Total Pipeline Revenue

It is important to evaluate your entire sales pipeline regularly (daily, weekly) as part of the overall sales cycle. This directly correlates with your anticipated (forecasted) results for the period your business model dictates. If your business plan predicts $1M of total sales for Q4, then your real pipeline target will be determined by your sales velocity (the full time to close a sale) and win ratio (the percentage of the time that you win a contract). Forecasting sales can be done using a simple math equation. This will allow you to predict your sales in any window accurately.

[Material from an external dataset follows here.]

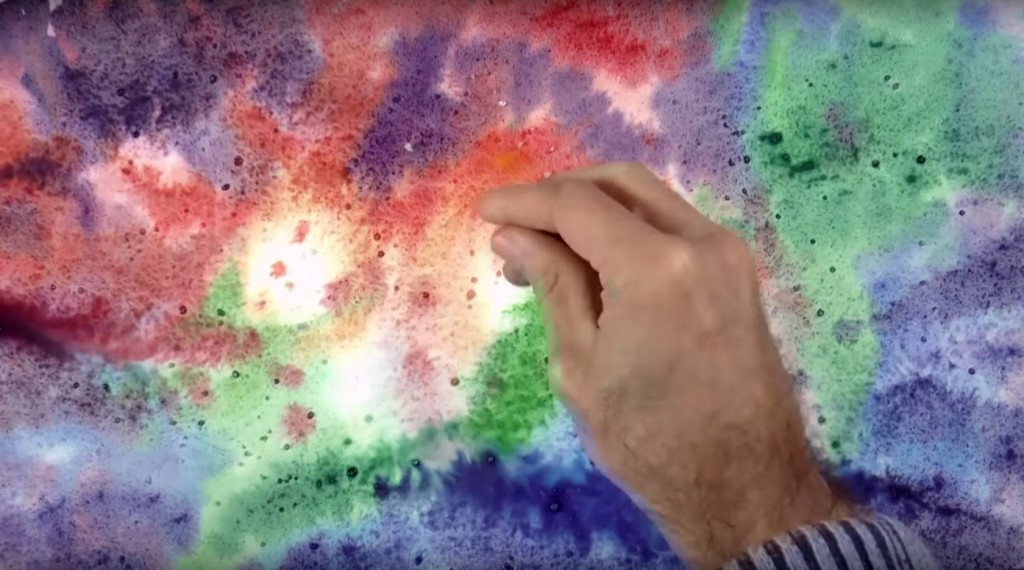 Когда вы закончите наносить краску и будете довольны сочетанием цветов и их яркостью, посыпьте на рисунок зерна крупной соли. Она впитает воду и заберет часть цвета, оставив красивые разводы в виде туманностей. Дождитесь полного высыхания и аккуратно соскоблите соль.

Monthly Updates to the Pipeline

According to the same rules as the pipeline total, the new deals will land in only two places: “close won” and “close lost.” Your pipeline will be affected by either outcome and decrease. To ensure consistent and predictable performance, it is important to have a monthly business pipeline growth goal to offset any decline in the total pipeline. This KPI will help you avoid sales problems and identify the right time to add a new sales representative to your team or adjust your marketing and prospecting efforts in order to meet your growth targets.

Sales velocity & win ratio

These two metrics can be very useful indicators in any situation but are especially important when the economy is in flux. In these times, companies tend to be more cautious about new investments. They also create more robust decision-making processes that include more checks and balances. The sales cycle length compared to your benchmarks will allow you to determine which salespeople need additional coaching and support in order for them to navigate the new decision-making process. It will also enable you to identify which verticals still make buying decisions and which ones are on hold.

Contributor Sales Productivity

How you achieve your target is equally important. The way you reach your target is also important. Why? You cannot scale your sales organization if you don’t know how you hit (or miss) your target.

Here, the key is to rank your salespeople and measure their productivity. How many sales reps make or exceed their quotas? How many reps are absent? How many reps are missing? What would happen to your sales targets if 50% of those reps who are currently not meeting their quota met their budget goals instead? Calculate – the sales productivity of your organization is one of the main reasons why you achieve (or fail) to meet business targets.

You’ll need to have a playbook that allows your salespeople to be productive and meet their quotas. Many organizations don’t provide their salespeople with enough sales enablement to make them successful. Setting expectations, coaching salespeople on value and unique selling propositions, and then releasing them to win business are common problems.

It’s a world of fierce competition, and while this may produce results, there are no guarantees. Sales enablement marketing will increase the productivity of your field reps and their chances to win.